**What the task requires**
Give back exactly the lines from the beginning of the listing below to the line holding "Prodaje se dječja", both ends included; the pictures stay out.

**Source information**
******************************
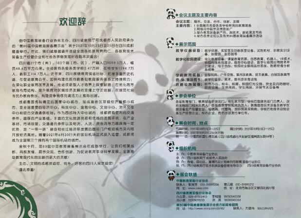 由中國教育裝備行業協會主辦,四川省教育廳和成都市人民政府承辦的“第80屆中國教育裝備展示會”將于2021年10月23日至25日在四川成都隆重舉行。在此,我們誠摯邀請并歡迎全國各地教育界同仁,各教育技術裝備生產經營企業和社會各界朋友屆時蒞臨本次盛會!
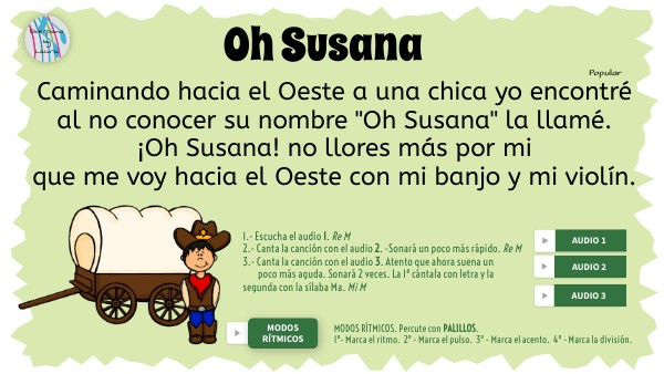 Caminando hacia el Oeste a una chica yo encontré al no conocer su nombre "Oh Susana" la llamé. ¡Oh Susana! no llores más por mi que me voy hacia el Oeste con mi banjo y mi violín.
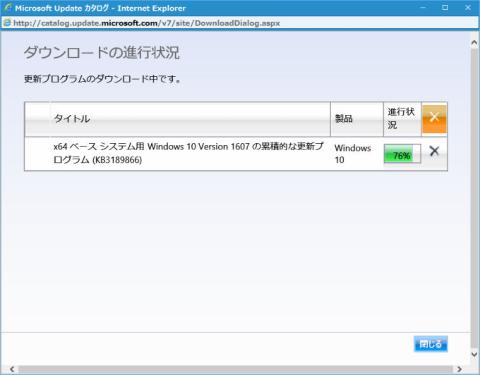 Windows10 Pro 64Bitの累積的な更新プログラムのダウンロードでは、本日の午前8時30分以降はフリーズ状態でした。
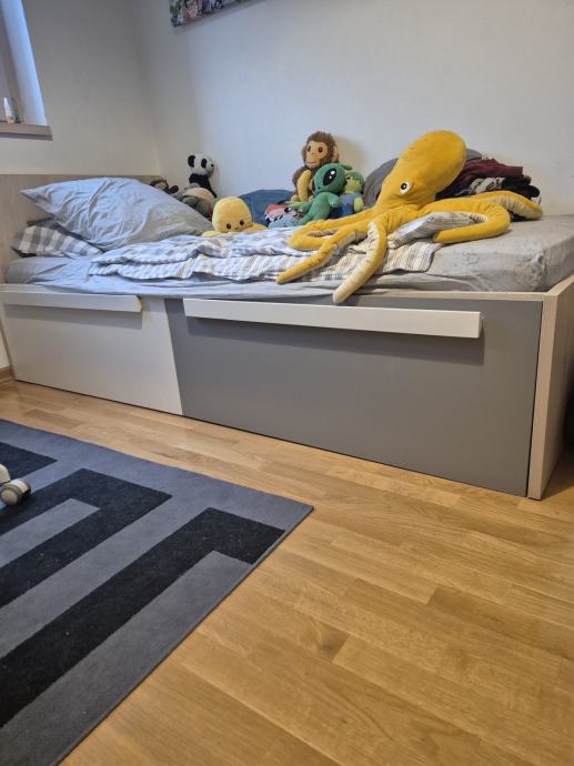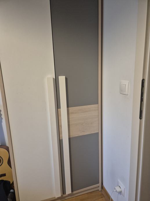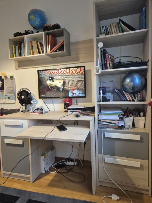 Prodaje se dječja soba, kupljena u Emmezeti, a sastoji se od: ormara (80x55x200), kreveta sa dva ladičara (97x200), regal za knjige s dvije ladice (54x198x40), radni stol (119x55) i zidna polica za knjige (š 137 cm). Soba je korištena, u dobrom stanju, jedino jedna fronta od ladičara na krevetu otpada.
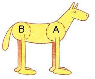 - To get the horse to move, first animate the front legs (A) as in the human walk, at the speed and in the manner you want them to go. Then repeat the same thing with the back legs (B). Make sure, however, that the ground covered by the back legs is the same as that covered by the front legs; otherwise, the body will seem to stretch apart, or fold up like an accordion (which might be amusing, if done consciously). All the rules about up-anddown movement of the body apply, of course. When walking four legs together, it is also necessary to ascertain how the action of the front legs will synchronize with the action of the back legs. A brief look at Muybridge's photographs of a moving horse shows that, essentially, when the front right leg is forward, the back right leg is back | (position 1) and when the front right leg is back, the back right leg 15 forward. Of course, this is an oversimplification of what is going on, but, for cartoon purposes, it is a good starting point.
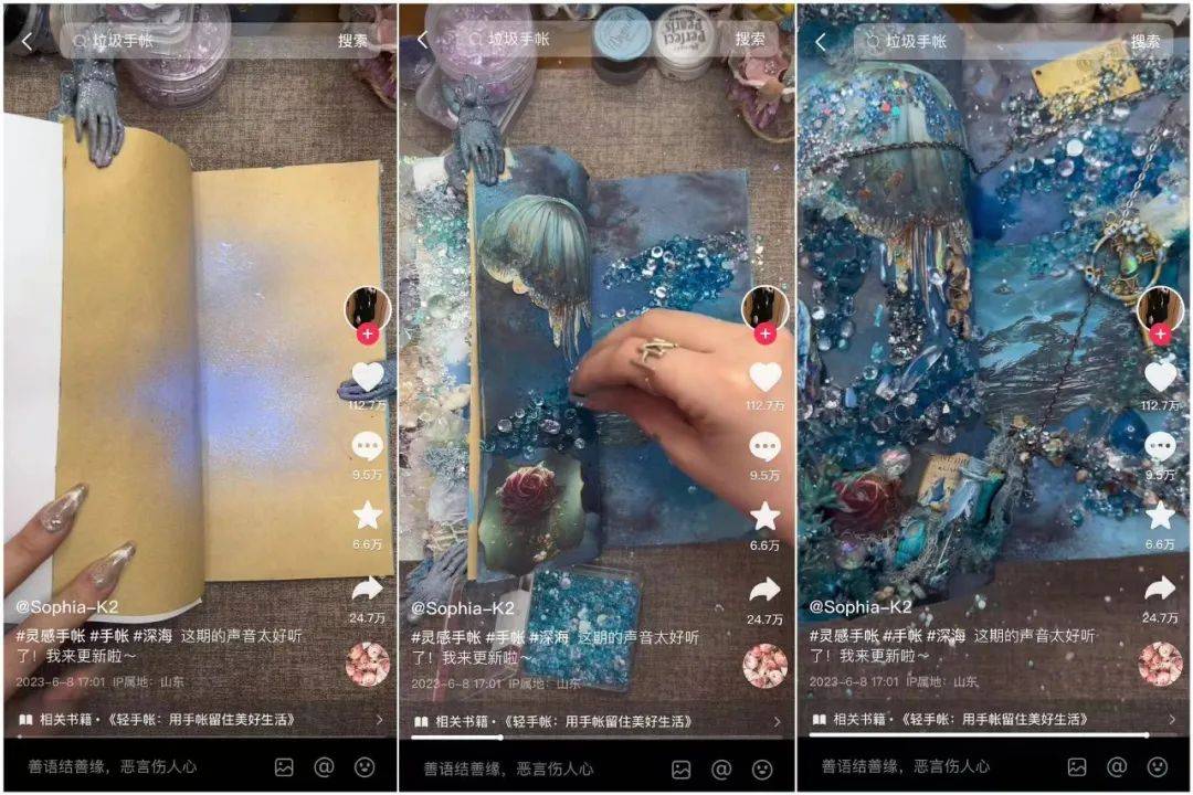 比如@Sophia-K2 ,是抖音上一位记录自己制作手账过程的博主。在她的手中,空白的纸张可以变成神秘的海底、静谧的森林、奇幻的魔法世界……
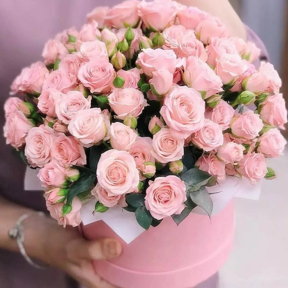 Нежная кустовая роза в шляпной коробке
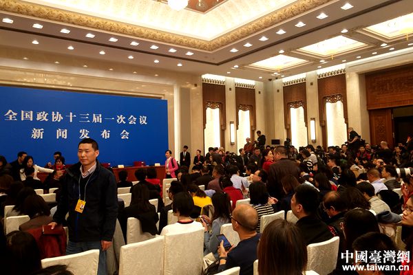 3月2日,全國(guó)政協(xié)十三屆一次會(huì)議新聞發(fā)布會(huì)上。(中國(guó)臺(tái)灣網(wǎng) 盧佳靜 攝)
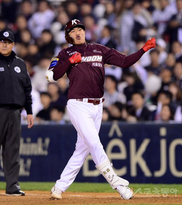 키움 송성문이 대타로 나와 7회초 2사 2루에서 동점 적시타를 친 후 덕아웃을 향해 세리머니를 하고 있다.
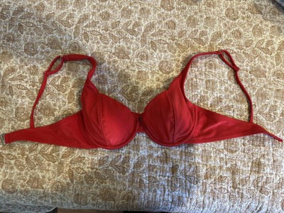 The Women's Shiny Ribbed Underwire Bikini Top by Wild Fable is a beautiful swimsuit top. I have a large chest DD and the size large in this top is small. I would suggest this top for a large C-D cup chest. Aside from that it is well made and a pretty shiny red color. I would recommend.
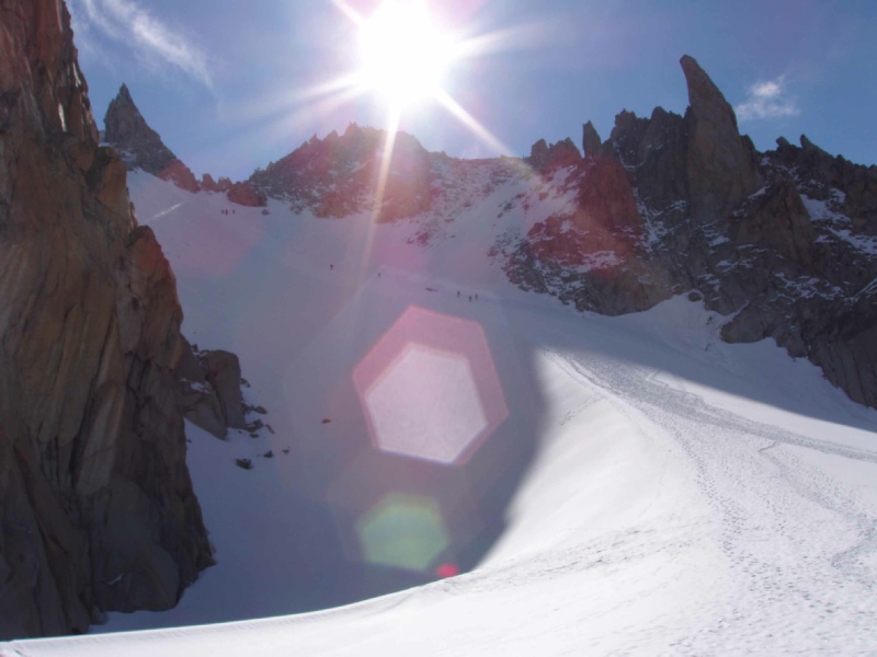 reached the Refuge- After about 20 minutes on the top, we retraced our steps down the ridge. The snow conditions had deteriorated a bit but the snow was still reasonably firm. The Refuge was passed and the Dome du Gouter descended. A late breakfast in the Gouter Refuge refuelled us, ready for the scramble down the arête and safe crossing of the Grand Couloir stone shooting gallery. Out of the grip of the Couloir, we were soon on our way back to the train station at Nid d'Aigle. |
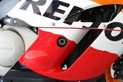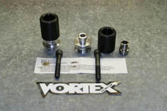 After reading several reports of people with 1000RRs going down on the left with the Shogun No Cut Frame Sliders and cracking the water elbow behind the slider, I decided I'd upgrade to the cut type sliders. I'd rather have a hole in my fairing for the slider rather than have to drop the motor to replace a water elbow. My thinking is that there is going to be some type of damage to the plastic if the incident is even at a slow speed with either type of slider, cut or no cut. I'd rather just replace plastic rather than replace plastic and spend hours dropping and reinstalling the motor due to the cracked water elbow. I chose the Vortex brand of slider as it is a two part design allowing you to replace the slider puck independent of the rest of the slider making it cheaper than having to replace an entire set of sliders should one of the units need to do it's job. I had Vortex sliders on my 2003 Honda 954RR and although I never had to test them, I was very happy with the quality and design. The 954RR didn't require fairing modifications to install them, however. The Vortex sliders are relatively light weight at 1.34 lbs (0.61 Kg) and have a large aluminum base that the puck attaches to. The pucks are side specific so be sure to pay attention to the brief instruction sheet explaining which puck goes on each side of the bike. The longer bolt is used on the right side of the bike.
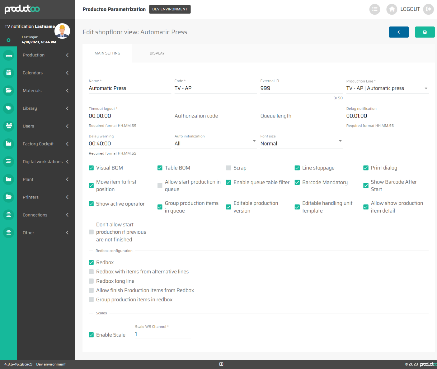 Redbox | checkbox | Zapnout / vypnout | Zobrazuje záložku s Redbox. Tato záložka obsahuje výrobní položky, které byly z této konkrétní výrobní linky odeslány do červené krabice. |
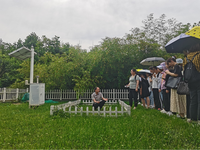 实验中心气象园,特邀气象专业郑伟老师为同学们讲解了气象园中温湿度传感器、翻斗式雨量传感器、风速传感器、风向传感器等多种器材的原理及使用方法。通过此次活动,同学们对气象园的整体布局及其中各个仪器的原理和使用有了深入了解。
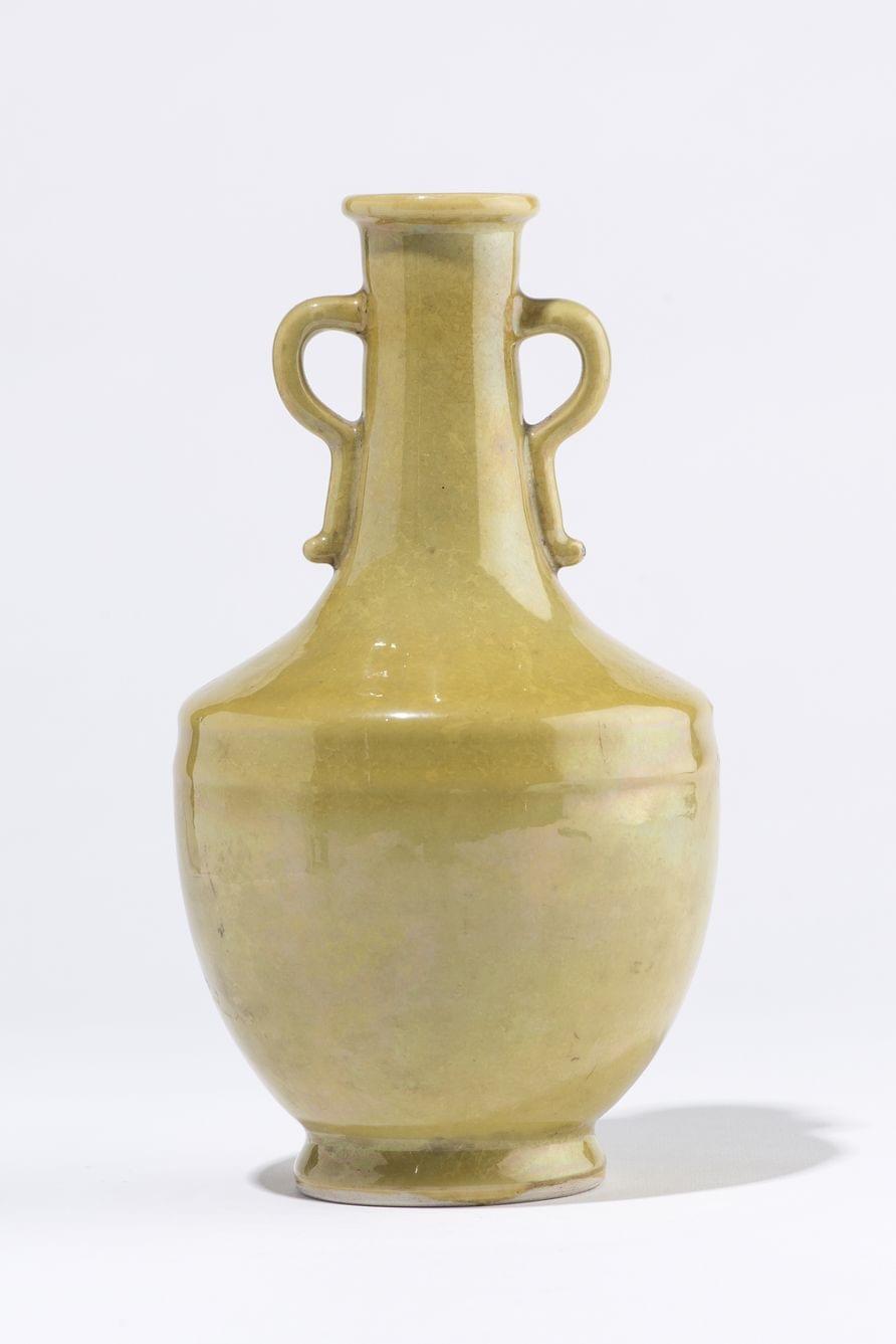 Porcelaine à engobe monochrome jaune, Chine, XIXe s, marque apocryphe à six caractères de Qianlong (1736-1795), H 23 cm
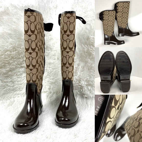 Coach Signature Logo Brown Tall Rain Boots with Lattice Lace Up Closure on Calf, Winter Boots, Rain Boots, Designer Boots 🧵Model: Tristee 📏Size: 6B 🧺Clothing is steamed laundered 🧼 sanitized🧺 💡Sold as pictured. 🧾Sold as is. Thank you for looking. We’re Always Open to Offers & Bundle Savings😊
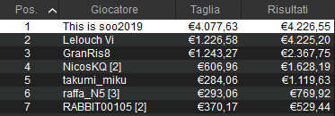 E nel torneo 7-Max Progressive KO da 50mila euro garantiti delle 19:00 sono stati 469 i rientri con 237 posizioni ITM generate. Il sipario qua è calato alle 2:14 quando ‘This is soo2019‘ ha preso 4.077 euro di taglia e un totale di 8.304 euro. A completare il podio ‘Lelouch Vi’ e ‘GranRis8’.
******************************
**Solution to the exercise**
 由中國教育裝備行業協會主辦,四川省教育廳和成都市人民政府承辦的“第80屆中國教育裝備展示會”將于2021年10月23日至25日在四川成都隆重舉行。在此,我們誠摯邀請并歡迎全國各地教育界同仁,各教育技術裝備生產經營企業和社會各界朋友屆時蒞臨本次盛會!
 Caminando hacia el Oeste a una chica yo encontré al no conocer su nombre "Oh Susana" la llamé. ¡Oh Susana! no llores más por mi que me voy hacia el Oeste con mi banjo y mi violín.
 Windows10 Pro 64Bitの累積的な更新プログラムのダウンロードでは、本日の午前8時30分以降はフリーズ状態でした。
 Prodaje se dječja soba, kupljena u Emmezeti, a sastoji se od: ormara (80x55x200), kreveta sa dva ladičara (97x200), regal za knjige s dvije ladice (54x198x40), radni stol (119x55) i zidna polica za knjige (š 137 cm). Soba je korištena, u dobrom stanju, jedino jedna fronta od ladičara na krevetu otpada.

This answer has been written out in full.